WORK TO BE COMPLETED – Would you give the data below back exactly as it reads?

DATA FOR THIS TASK –
· · · ·
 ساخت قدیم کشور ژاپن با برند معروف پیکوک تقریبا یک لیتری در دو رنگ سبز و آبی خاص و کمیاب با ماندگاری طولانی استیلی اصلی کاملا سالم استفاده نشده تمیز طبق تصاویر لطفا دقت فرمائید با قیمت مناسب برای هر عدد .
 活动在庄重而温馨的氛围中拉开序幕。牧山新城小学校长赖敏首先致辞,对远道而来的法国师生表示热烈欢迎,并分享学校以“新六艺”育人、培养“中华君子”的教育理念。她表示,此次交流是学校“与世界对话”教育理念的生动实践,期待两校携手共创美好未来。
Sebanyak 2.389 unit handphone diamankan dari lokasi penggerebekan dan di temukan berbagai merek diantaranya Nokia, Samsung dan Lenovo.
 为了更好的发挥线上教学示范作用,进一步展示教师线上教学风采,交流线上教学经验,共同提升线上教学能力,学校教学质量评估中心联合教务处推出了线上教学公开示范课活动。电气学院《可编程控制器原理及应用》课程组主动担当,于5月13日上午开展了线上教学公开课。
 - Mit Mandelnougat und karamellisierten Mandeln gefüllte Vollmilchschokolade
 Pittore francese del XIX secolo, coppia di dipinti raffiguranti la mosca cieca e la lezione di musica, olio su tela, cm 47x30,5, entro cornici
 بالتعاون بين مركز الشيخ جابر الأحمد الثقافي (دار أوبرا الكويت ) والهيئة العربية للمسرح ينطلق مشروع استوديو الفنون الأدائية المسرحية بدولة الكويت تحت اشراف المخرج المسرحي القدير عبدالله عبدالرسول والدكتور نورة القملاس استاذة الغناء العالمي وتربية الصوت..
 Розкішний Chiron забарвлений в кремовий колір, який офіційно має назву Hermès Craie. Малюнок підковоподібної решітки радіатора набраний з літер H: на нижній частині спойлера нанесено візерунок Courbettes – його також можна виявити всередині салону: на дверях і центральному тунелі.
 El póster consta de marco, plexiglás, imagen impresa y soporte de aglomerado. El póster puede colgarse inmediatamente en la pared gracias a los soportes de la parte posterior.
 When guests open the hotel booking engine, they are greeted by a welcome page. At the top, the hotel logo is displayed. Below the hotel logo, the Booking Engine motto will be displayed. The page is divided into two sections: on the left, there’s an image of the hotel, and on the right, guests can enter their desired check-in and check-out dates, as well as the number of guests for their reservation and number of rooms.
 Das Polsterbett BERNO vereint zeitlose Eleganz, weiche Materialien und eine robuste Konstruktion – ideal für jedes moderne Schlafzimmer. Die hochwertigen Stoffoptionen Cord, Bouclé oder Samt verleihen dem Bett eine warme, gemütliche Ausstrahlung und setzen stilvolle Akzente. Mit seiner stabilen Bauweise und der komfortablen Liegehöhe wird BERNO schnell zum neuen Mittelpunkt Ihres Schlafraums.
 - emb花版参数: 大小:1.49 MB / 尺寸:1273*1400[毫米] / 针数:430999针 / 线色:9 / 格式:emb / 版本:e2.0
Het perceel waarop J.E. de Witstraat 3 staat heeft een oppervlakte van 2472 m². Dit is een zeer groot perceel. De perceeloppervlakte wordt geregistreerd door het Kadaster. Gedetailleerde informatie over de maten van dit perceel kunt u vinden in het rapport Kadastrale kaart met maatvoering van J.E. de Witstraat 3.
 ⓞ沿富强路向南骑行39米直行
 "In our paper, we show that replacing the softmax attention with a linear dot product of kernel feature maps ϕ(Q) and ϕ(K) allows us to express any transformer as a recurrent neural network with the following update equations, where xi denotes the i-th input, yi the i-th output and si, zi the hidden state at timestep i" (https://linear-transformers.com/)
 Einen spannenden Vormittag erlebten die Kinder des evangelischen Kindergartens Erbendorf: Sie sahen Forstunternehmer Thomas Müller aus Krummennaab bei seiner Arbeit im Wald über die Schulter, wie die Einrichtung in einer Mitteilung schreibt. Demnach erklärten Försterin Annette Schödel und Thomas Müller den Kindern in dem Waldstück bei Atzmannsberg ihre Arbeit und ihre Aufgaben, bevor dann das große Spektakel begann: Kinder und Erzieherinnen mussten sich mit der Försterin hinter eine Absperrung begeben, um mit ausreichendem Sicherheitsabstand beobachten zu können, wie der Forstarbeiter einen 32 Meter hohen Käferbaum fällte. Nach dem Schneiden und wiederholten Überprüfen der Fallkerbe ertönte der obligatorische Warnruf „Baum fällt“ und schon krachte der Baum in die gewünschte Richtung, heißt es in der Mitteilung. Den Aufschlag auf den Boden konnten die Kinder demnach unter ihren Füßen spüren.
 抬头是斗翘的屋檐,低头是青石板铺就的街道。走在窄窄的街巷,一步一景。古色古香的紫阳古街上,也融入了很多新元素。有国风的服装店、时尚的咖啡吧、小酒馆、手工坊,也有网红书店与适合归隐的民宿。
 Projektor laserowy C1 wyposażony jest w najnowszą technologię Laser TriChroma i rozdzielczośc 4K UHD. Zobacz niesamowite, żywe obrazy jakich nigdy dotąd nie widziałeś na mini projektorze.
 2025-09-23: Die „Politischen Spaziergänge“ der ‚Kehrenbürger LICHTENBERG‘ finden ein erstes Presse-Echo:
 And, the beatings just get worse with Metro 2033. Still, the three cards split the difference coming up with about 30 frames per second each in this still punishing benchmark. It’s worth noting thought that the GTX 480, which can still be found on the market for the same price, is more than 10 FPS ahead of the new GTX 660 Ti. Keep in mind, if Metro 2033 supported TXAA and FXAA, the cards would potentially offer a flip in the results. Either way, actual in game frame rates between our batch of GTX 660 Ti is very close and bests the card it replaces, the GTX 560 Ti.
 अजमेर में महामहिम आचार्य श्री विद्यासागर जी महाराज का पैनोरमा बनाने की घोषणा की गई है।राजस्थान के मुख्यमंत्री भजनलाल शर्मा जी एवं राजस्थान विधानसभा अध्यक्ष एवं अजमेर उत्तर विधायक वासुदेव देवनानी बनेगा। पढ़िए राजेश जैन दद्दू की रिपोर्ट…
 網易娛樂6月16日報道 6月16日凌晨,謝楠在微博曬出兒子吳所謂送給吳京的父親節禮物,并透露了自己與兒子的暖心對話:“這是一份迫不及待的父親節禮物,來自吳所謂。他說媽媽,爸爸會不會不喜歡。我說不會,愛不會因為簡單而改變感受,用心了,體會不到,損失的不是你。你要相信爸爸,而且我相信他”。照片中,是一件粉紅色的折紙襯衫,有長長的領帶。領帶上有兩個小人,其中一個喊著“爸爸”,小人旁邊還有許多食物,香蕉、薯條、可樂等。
· · · ·
EXERCISE ANSWER –
 ساخت قدیم کشور ژاپن با برند معروف پیکوک تقریبا یک لیتری در دو رنگ سبز و آبی خاص و کمیاب با ماندگاری طولانی استیلی اصلی کاملا سالم استفاده نشده تمیز طبق تصاویر لطفا دقت فرمائید با قیمت مناسب برای هر عدد .
 活动在庄重而温馨的氛围中拉开序幕。牧山新城小学校长赖敏首先致辞,对远道而来的法国师生表示热烈欢迎,并分享学校以“新六艺”育人、培养“中华君子”的教育理念。她表示,此次交流是学校“与世界对话”教育理念的生动实践,期待两校携手共创美好未来。
Sebanyak 2.389 unit handphone diamankan dari lokasi penggerebekan dan di temukan berbagai merek diantaranya Nokia, Samsung dan Lenovo.
 为了更好的发挥线上教学示范作用,进一步展示教师线上教学风采,交流线上教学经验,共同提升线上教学能力,学校教学质量评估中心联合教务处推出了线上教学公开示范课活动。电气学院《可编程控制器原理及应用》课程组主动担当,于5月13日上午开展了线上教学公开课。
 - Mit Mandelnougat und karamellisierten Mandeln gefüllte Vollmilchschokolade
 Pittore francese del XIX secolo, coppia di dipinti raffiguranti la mosca cieca e la lezione di musica, olio su tela, cm 47x30,5, entro cornici
 بالتعاون بين مركز الشيخ جابر الأحمد الثقافي (دار أوبرا الكويت ) والهيئة العربية للمسرح ينطلق مشروع استوديو الفنون الأدائية المسرحية بدولة الكويت تحت اشراف المخرج المسرحي القدير عبدالله عبدالرسول والدكتور نورة القملاس استاذة الغناء العالمي وتربية الصوت..
 Розкішний Chiron забарвлений в кремовий колір, який офіційно має назву Hermès Craie. Малюнок підковоподібної решітки радіатора набраний з літер H: на нижній частині спойлера нанесено візерунок Courbettes – його також можна виявити всередині салону: на дверях і центральному тунелі.
 El póster consta de marco, plexiglás, imagen impresa y soporte de aglomerado. El póster puede colgarse inmediatamente en la pared gracias a los soportes de la parte posterior.
 When guests open the hotel booking engine, they are greeted by a welcome page. At the top, the hotel logo is displayed. Below the hotel logo, the Booking Engine motto will be displayed. The page is divided into two sections: on the left, there’s an image of the hotel, and on the right, guests can enter their desired check-in and check-out dates, as well as the number of guests for their reservation and number of rooms.
 Das Polsterbett BERNO vereint zeitlose Eleganz, weiche Materialien und eine robuste Konstruktion – ideal für jedes moderne Schlafzimmer. Die hochwertigen Stoffoptionen Cord, Bouclé oder Samt verleihen dem Bett eine warme, gemütliche Ausstrahlung und setzen stilvolle Akzente. Mit seiner stabilen Bauweise und der komfortablen Liegehöhe wird BERNO schnell zum neuen Mittelpunkt Ihres Schlafraums.
 - emb花版参数: 大小:1.49 MB / 尺寸:1273*1400[毫米] / 针数:430999针 / 线色:9 / 格式:emb / 版本:e2.0
Het perceel waarop J.E. de Witstraat 3 staat heeft een oppervlakte van 2472 m². Dit is een zeer groot perceel. De perceeloppervlakte wordt geregistreerd door het Kadaster. Gedetailleerde informatie over de maten van dit perceel kunt u vinden in het rapport Kadastrale kaart met maatvoering van J.E. de Witstraat 3.
 ⓞ沿富强路向南骑行39米直行
 "In our paper, we show that replacing the softmax attention with a linear dot product of kernel feature maps ϕ(Q) and ϕ(K) allows us to express any transformer as a recurrent neural network with the following update equations, where xi denotes the i-th input, yi the i-th output and si, zi the hidden state at timestep i" (https://linear-transformers.com/)
 Einen spannenden Vormittag erlebten die Kinder des evangelischen Kindergartens Erbendorf: Sie sahen Forstunternehmer Thomas Müller aus Krummennaab bei seiner Arbeit im Wald über die Schulter, wie die Einrichtung in einer Mitteilung schreibt. Demnach erklärten Försterin Annette Schödel und Thomas Müller den Kindern in dem Waldstück bei Atzmannsberg ihre Arbeit und ihre Aufgaben, bevor dann das große Spektakel begann: Kinder und Erzieherinnen mussten sich mit der Försterin hinter eine Absperrung begeben, um mit ausreichendem Sicherheitsabstand beobachten zu können, wie der Forstarbeiter einen 32 Meter hohen Käferbaum fällte. Nach dem Schneiden und wiederholten Überprüfen der Fallkerbe ertönte der obligatorische Warnruf „Baum fällt“ und schon krachte der Baum in die gewünschte Richtung, heißt es in der Mitteilung. Den Aufschlag auf den Boden konnten die Kinder demnach unter ihren Füßen spüren.
 抬头是斗翘的屋檐,低头是青石板铺就的街道。走在窄窄的街巷,一步一景。古色古香的紫阳古街上,也融入了很多新元素。有国风的服装店、时尚的咖啡吧、小酒馆、手工坊,也有网红书店与适合归隐的民宿。
 Projektor laserowy C1 wyposażony jest w najnowszą technologię Laser TriChroma i rozdzielczośc 4K UHD. Zobacz niesamowite, żywe obrazy jakich nigdy dotąd nie widziałeś na mini projektorze.
 2025-09-23: Die „Politischen Spaziergänge“ der ‚Kehrenbürger LICHTENBERG‘ finden ein erstes Presse-Echo:
 And, the beatings just get worse with Metro 2033. Still, the three cards split the difference coming up with about 30 frames per second each in this still punishing benchmark. It’s worth noting thought that the GTX 480, which can still be found on the market for the same price, is more than 10 FPS ahead of the new GTX 660 Ti. Keep in mind, if Metro 2033 supported TXAA and FXAA, the cards would potentially offer a flip in the results. Either way, actual in game frame rates between our batch of GTX 660 Ti is very close and bests the card it replaces, the GTX 560 Ti.
 अजमेर में महामहिम आचार्य श्री विद्यासागर जी महाराज का पैनोरमा बनाने की घोषणा की गई है।राजस्थान के मुख्यमंत्री भजनलाल शर्मा जी एवं राजस्थान विधानसभा अध्यक्ष एवं अजमेर उत्तर विधायक वासुदेव देवनानी बनेगा। पढ़िए राजेश जैन दद्दू की रिपोर्ट…
 網易娛樂6月16日報道 6月16日凌晨,謝楠在微博曬出兒子吳所謂送給吳京的父親節禮物,并透露了自己與兒子的暖心對話:“這是一份迫不及待的父親節禮物,來自吳所謂。他說媽媽,爸爸會不會不喜歡。我說不會,愛不會因為簡單而改變感受,用心了,體會不到,損失的不是你。你要相信爸爸,而且我相信他”。照片中,是一件粉紅色的折紙襯衫,有長長的領帶。領帶上有兩個小人,其中一個喊著“爸爸”,小人旁邊還有許多食物,香蕉、薯條、可樂等。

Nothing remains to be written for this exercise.